● BRIEF
Repeat only the lines below that run from the line with "Генерално, наредните 14" to the line with "LEPPO Wooden Wall", ends included; skip every picture.

● DATA FOR THE TASK
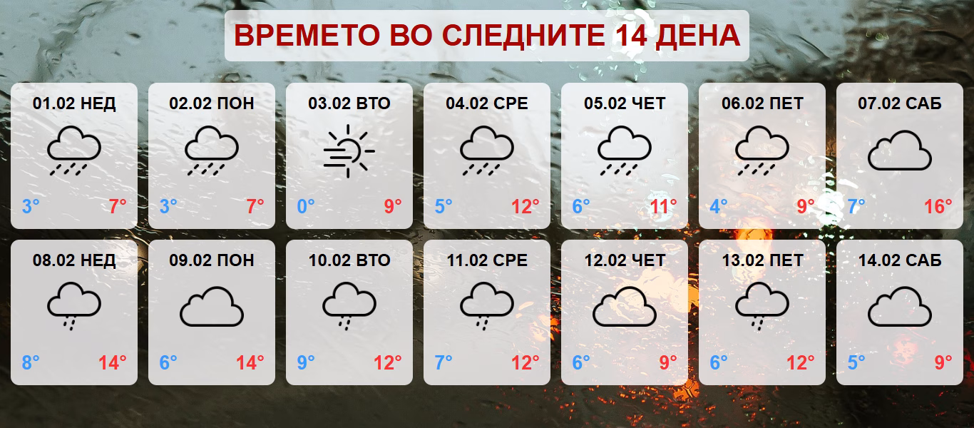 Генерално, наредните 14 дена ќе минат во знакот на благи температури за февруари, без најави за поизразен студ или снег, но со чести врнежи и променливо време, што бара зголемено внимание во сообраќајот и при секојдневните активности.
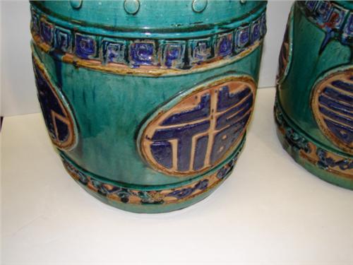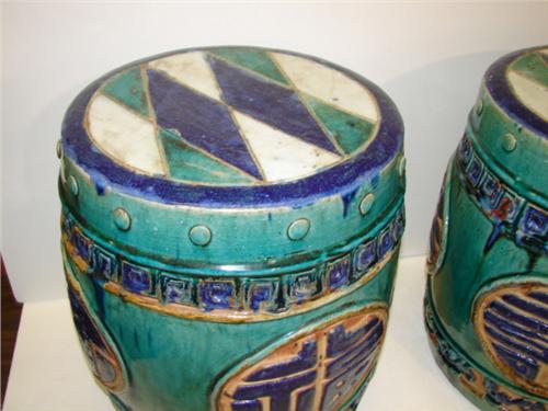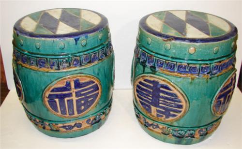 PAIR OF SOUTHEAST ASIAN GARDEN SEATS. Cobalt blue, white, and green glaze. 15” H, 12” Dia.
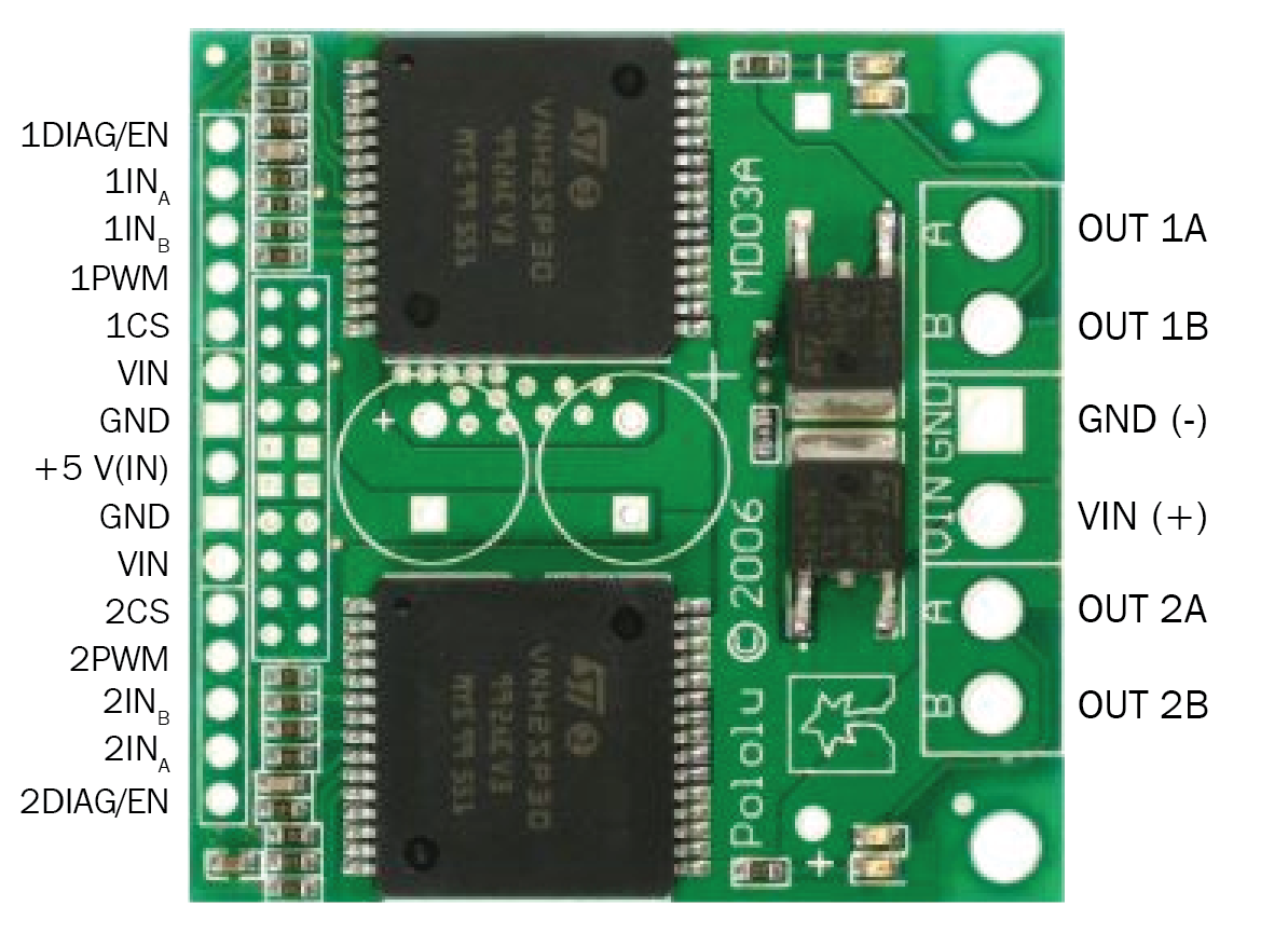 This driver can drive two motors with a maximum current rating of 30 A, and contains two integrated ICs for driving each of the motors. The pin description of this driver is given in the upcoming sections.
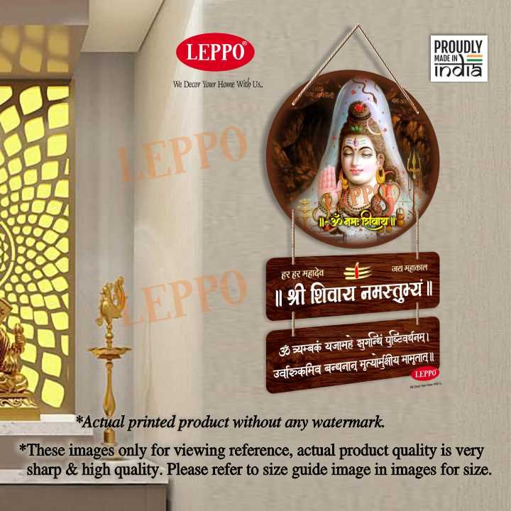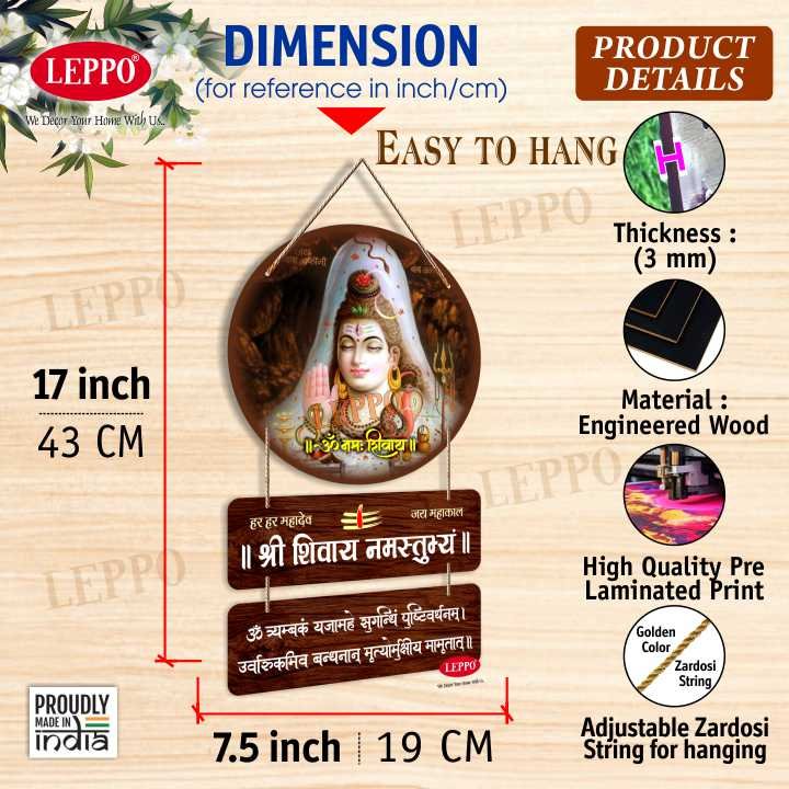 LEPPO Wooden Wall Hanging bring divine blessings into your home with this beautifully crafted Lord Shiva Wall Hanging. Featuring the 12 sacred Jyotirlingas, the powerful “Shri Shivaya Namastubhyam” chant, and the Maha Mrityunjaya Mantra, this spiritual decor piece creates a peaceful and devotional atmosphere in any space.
---
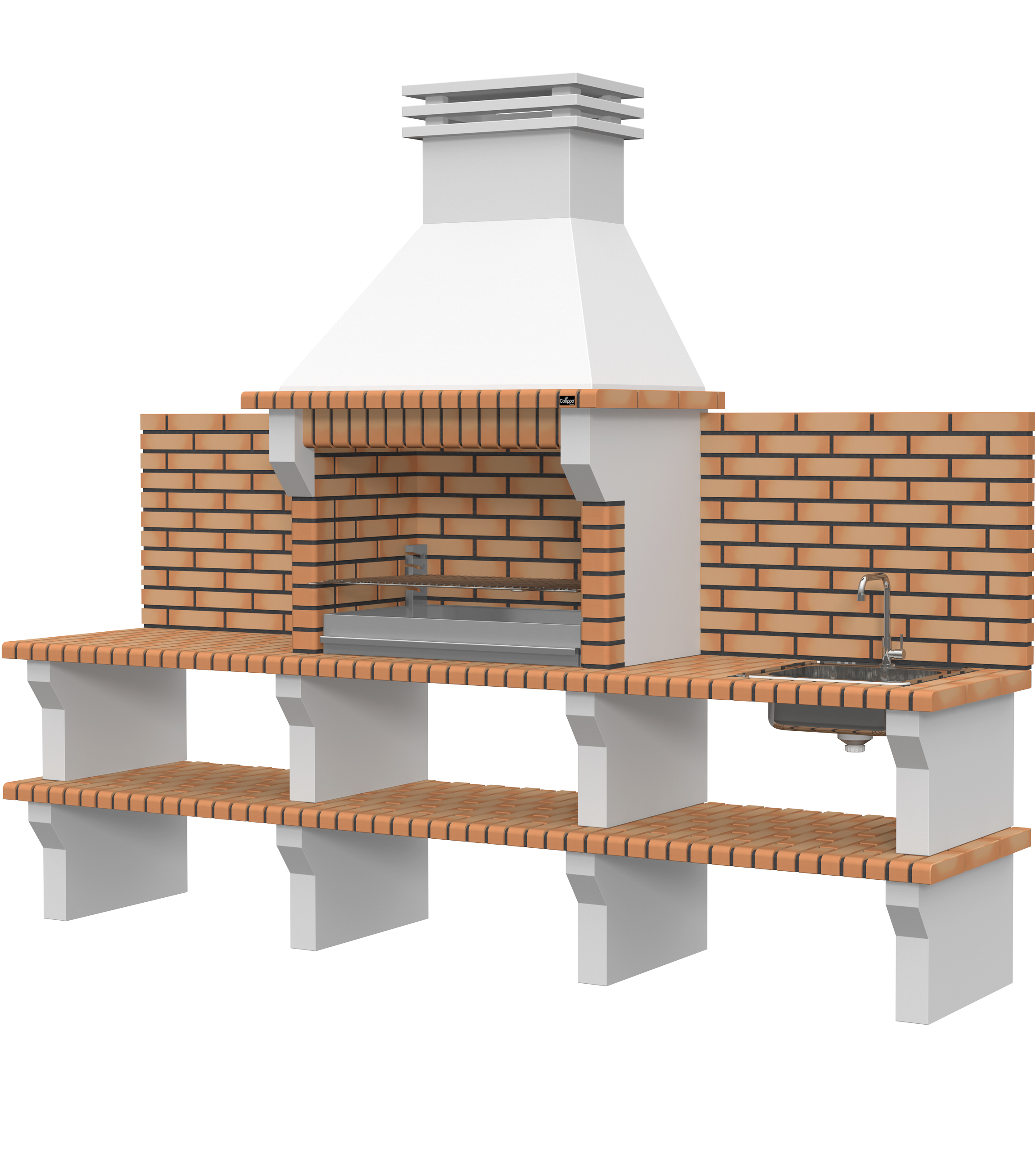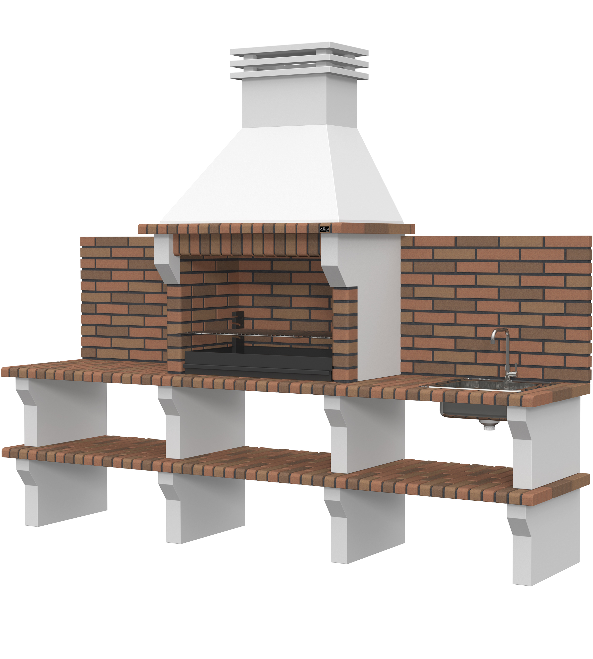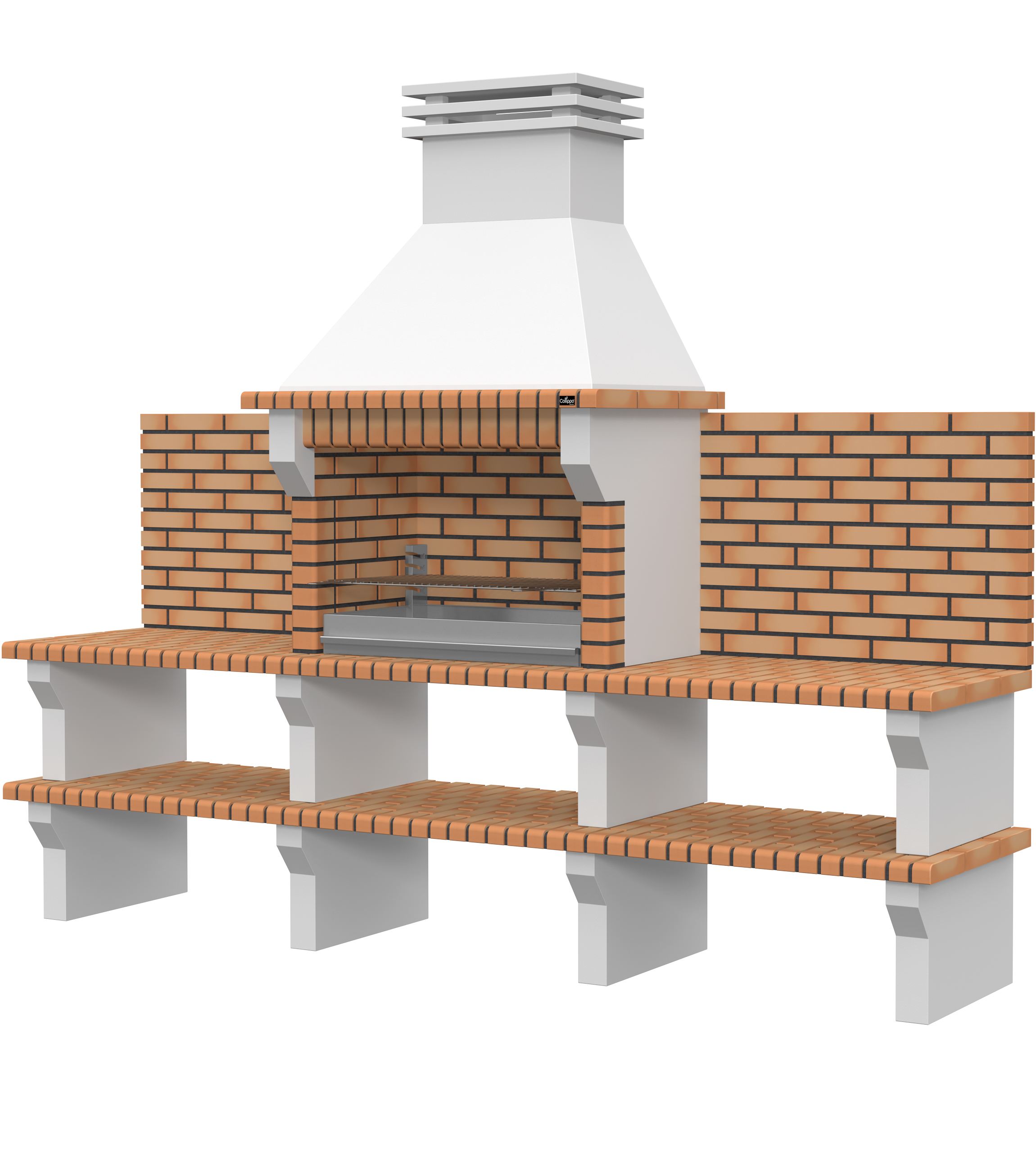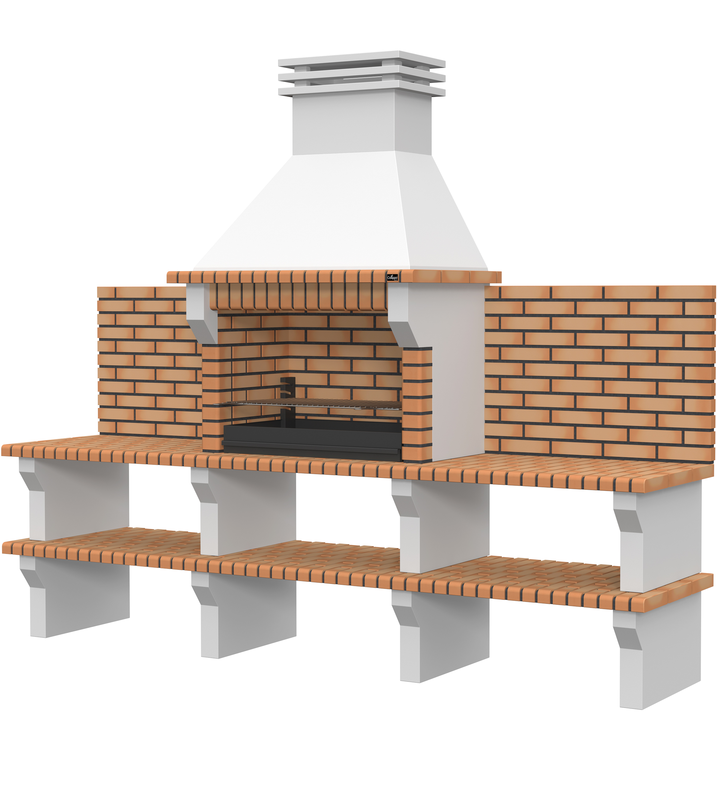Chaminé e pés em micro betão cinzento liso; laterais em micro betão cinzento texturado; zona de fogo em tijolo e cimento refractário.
...
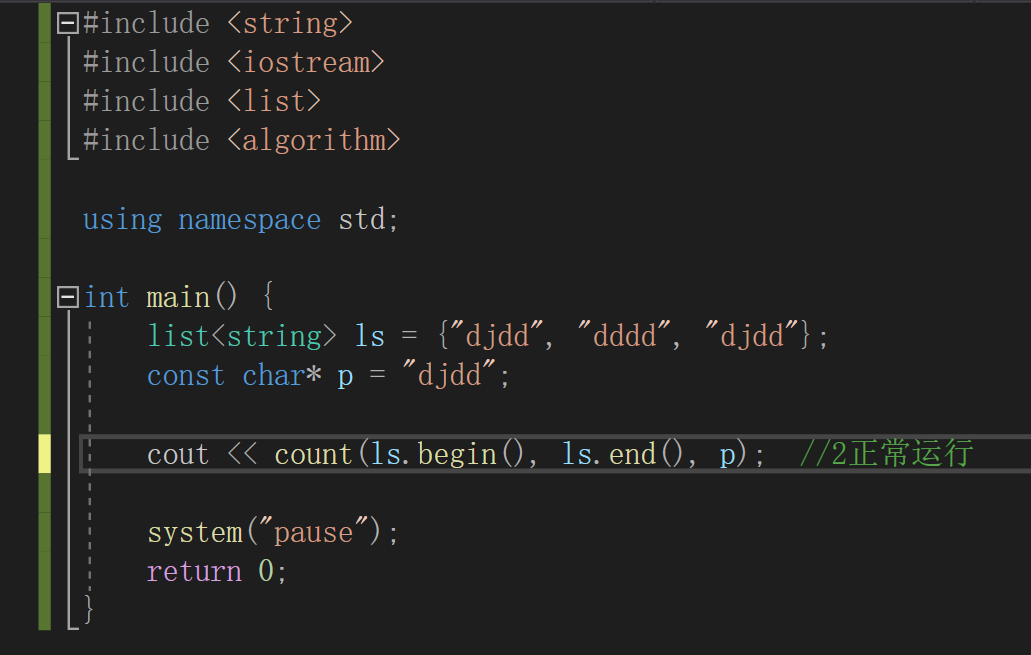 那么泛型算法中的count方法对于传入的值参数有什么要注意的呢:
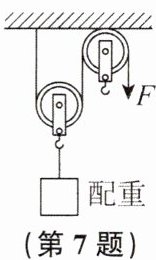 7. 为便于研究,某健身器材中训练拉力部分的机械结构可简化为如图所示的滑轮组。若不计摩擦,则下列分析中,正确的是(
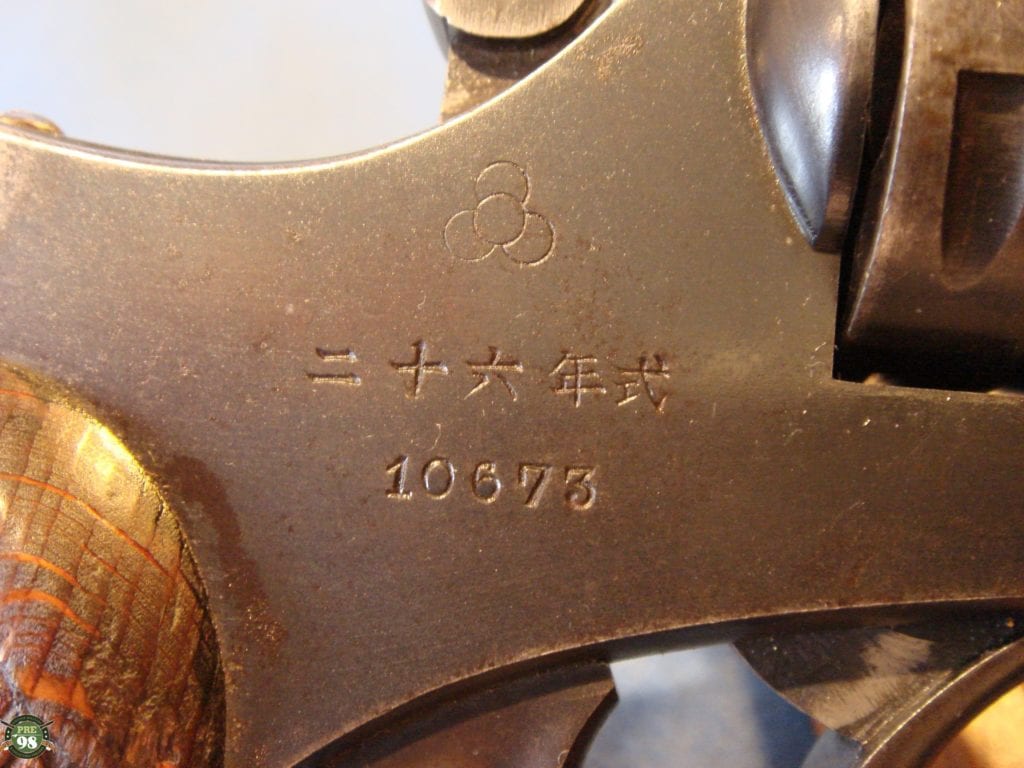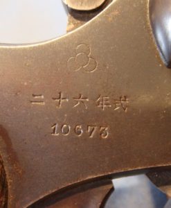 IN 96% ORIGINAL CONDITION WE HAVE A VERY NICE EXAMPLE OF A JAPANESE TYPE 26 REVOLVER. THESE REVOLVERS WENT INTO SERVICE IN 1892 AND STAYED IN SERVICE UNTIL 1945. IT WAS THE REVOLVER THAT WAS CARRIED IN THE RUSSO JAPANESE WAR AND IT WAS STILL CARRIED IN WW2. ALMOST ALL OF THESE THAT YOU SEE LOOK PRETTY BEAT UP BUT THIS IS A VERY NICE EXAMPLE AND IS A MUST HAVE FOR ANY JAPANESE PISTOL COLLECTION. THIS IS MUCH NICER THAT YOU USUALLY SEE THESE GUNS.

● TASK ANSWER
 Генерално, наредните 14 дена ќе минат во знакот на благи температури за февруари, без најави за поизразен студ или снег, но со чести врнежи и променливо време, што бара зголемено внимание во сообраќајот и при секојдневните активности.
 PAIR OF SOUTHEAST ASIAN GARDEN SEATS. Cobalt blue, white, and green glaze. 15” H, 12” Dia.
 This driver can drive two motors with a maximum current rating of 30 A, and contains two integrated ICs for driving each of the motors. The pin description of this driver is given in the upcoming sections.
 LEPPO Wooden Wall Hanging bring divine blessings into your home with this beautifully crafted Lord Shiva Wall Hanging. Featuring the 12 sacred Jyotirlingas, the powerful “Shri Shivaya Namastubhyam” chant, and the Maha Mrityunjaya Mantra, this spiritual decor piece creates a peaceful and devotional atmosphere in any space.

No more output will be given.